Federal legislation can protect patients from surprise medical billing

Published 8:36 am Monday, July 15, 2019

What’s worse than a trip to the emergency room? Being followed home by an unexpected medical bill, demanding payment for the treatment you received but wasn’t covered by your insurance plan.
Known as a “surprise bill,” these unexpected medical expenses hit the mailboxes and credit reports of many Americans who receive unplanned medical attention each year. Surprise billing doesn’t just happen in emergency rooms, of course. It can happen at any health care facility where a patient receives out-of-network care — and that means, counterintuitively, even if you go to an in-network hospital you can still be at risk of receiving an out-of-network bill.
This can happen for several reasons. One such reason is insurance companies have been shrinking their provider networks to control costs and protect their bottom line. The large number of insurance plans available and ever-shifting coverage also plays a role. As a physician, I know that being in-network is the preference for providers. Being in-network means we see a higher volume of patients and receive on-time payments in consistent amounts. It also means we get to build relationships and provide better long-term care, because being in a patient’s network means they will likely choose to see you regularly.
However, I also know that it’s impossible for me to contract individually with every health care plan in the market. BlueCross BlueShield of Tennessee, the state’s largest provider of health plans, has 6 individual plans alone. How many patients do you think ask “Do you accept Silver S04?” in the middle of an emergency? How many physicians do you think are placing their patient’s ability to pay for care before their desire to provide the highest quality treatment? For these reasons and more, around 25% of Americans are believed to have received a surprise medical bill.
Fortunately, there is bipartisan momentum building in both the House and Senate for a compromise solution to this practice.
Lead by Senators Bill Cassidy (R-LA) and Michael Bennet (D-C), the STOP Surprise Medical Bills Act has earned the support of over 20 U.S. senators from states as diverse (politically and geographically) as Alaska, Ohio, Georgia, and Rhode Island. It is time our very own Senator Lamar Alexander (R-TN) add his name to the list of champions fighting to protect patients from surprise bills nationwide.
The lynchpin of this legislation is a tried and true mechanism called Independent Dispute Resolution (IDR), which completely shields patients from surprise medical bills and incentivizes insurers and doctors to work through reimbursement disputes among themselves.
The American Medical Association and many other physician-related organizations have worked with Congress to end surprise billing. While it may be impossible to please all concerned parties, any effective legislation should include insurer accountability, limits on patient responsibility, and most importantly, a mechanism for IDR. The solution must be federal, and it must be comprehensive so that no patient population is left unprotected.
State legislatures, including the Tennessee General Assembly, have been wrestling with the issue of surprise billing for years, and although a handful of states have passed bills addressing the issue, there is no federal law that solves the problem comprehensively. State laws can only go so far: federal law preempts their ability to regulate employer-sponsored insurance which means that even the most comprehensive and well-thought-out state laws can still leave millions of residents unprotected.
As a practicing anesthesiologist and a past president of the state’s largest physician organization, I have personally seen how surprise medical bills have impacted patients, physicians, and hospitals.
Sen. Alexander and his Senate colleagues must act to protect families in Tennessee and nationwide from unfair surprise billing while leveling the playing field between hospitals, insurers, and doctors. The bipartisan STOP Surprise Medical Bills Act uses IDR because it has a proven track record of doing exactly that.

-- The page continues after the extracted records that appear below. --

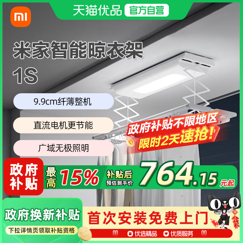 小米米家智能晾衣机1S电动晾衣架阳台自动升降照明小爱语音遥控A
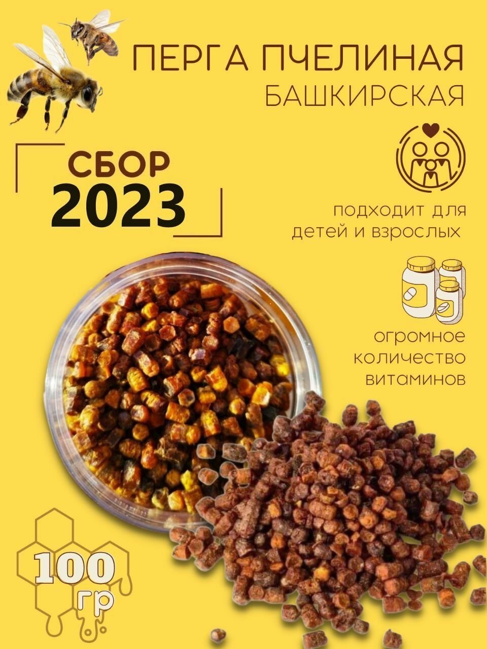 | Состав | Башкирская, натуральная пчелиная перга 2023 года. |
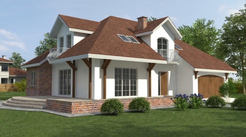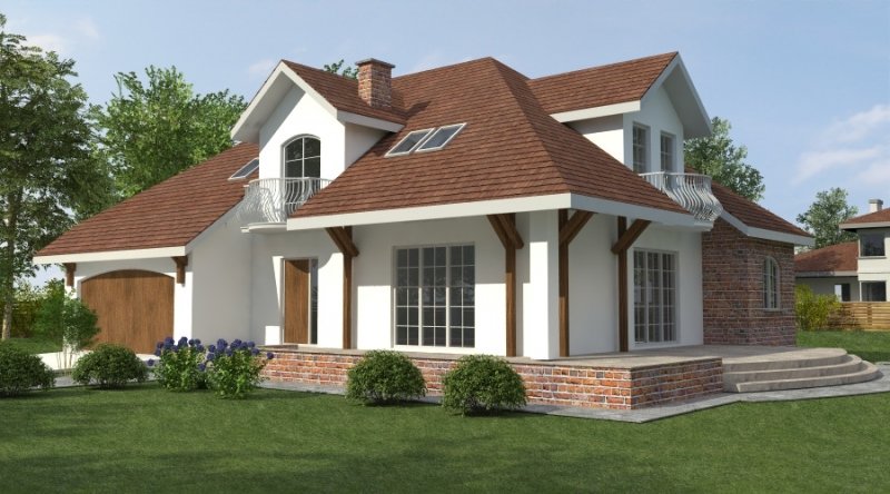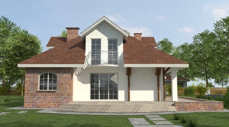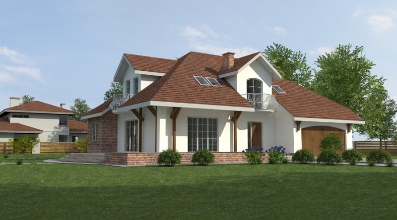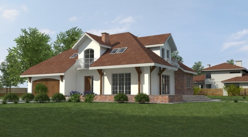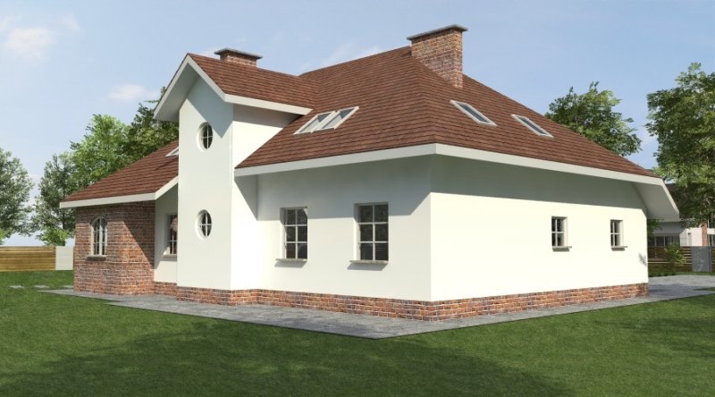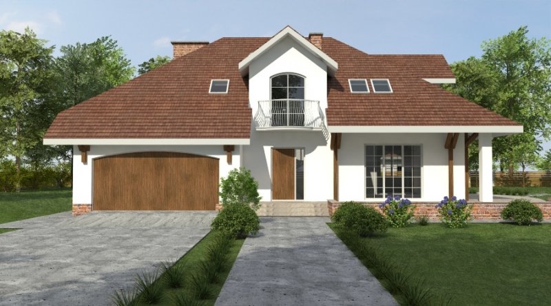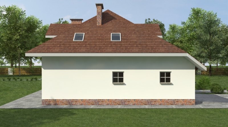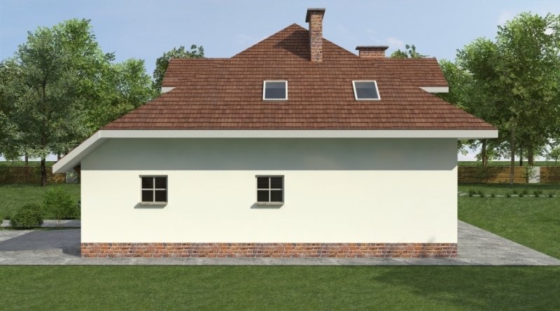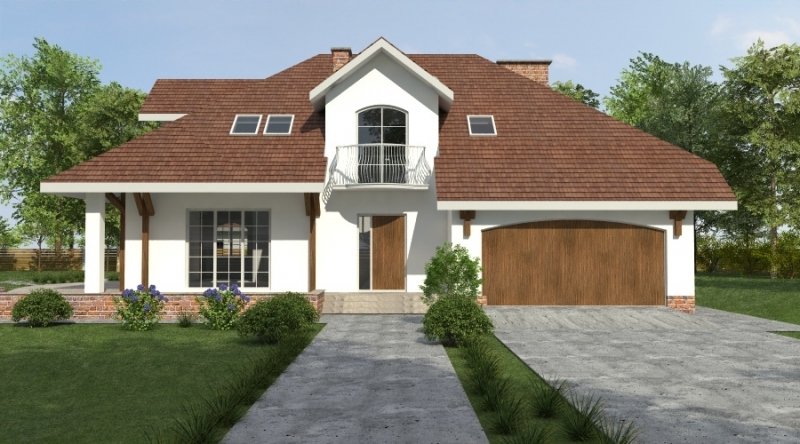 Dom z poddaszem użytkowym. Ten projekt należy do serii najbardziej popularnych projektów. Front domu może być sytuowany od strony południowej z uwagi na umiejscowienie salonu. Kuchnia z jadalnią znajdują się od strony ogrodu. Bryła budynku jest prosta w realizacji. Jak w większości projektów, strefa dzienna została zaprojektowana na parterze, strefa nocna w skład której wchodzą sypialnie i pomieszczenia sanitarne znajduje się na poddaszu. dom posiada garaż na 2 samochody osobowe.

New York enacted an IDR solution to surprise billing in 2015, and the law has been so effective that states including Texas, Washington, and Colorado have used it as a model to protect their own residents.
This session, Congress must work swiftly to protect Americans by implementing an IDR process nationwide. I encourage Senator Alexander to join with many of his Senate colleagues in support of the STOP Surprise Medical Bills Act as he works hard on a new health care package.
(Chris Young, MD is former president of the Tennessee Medical Association.)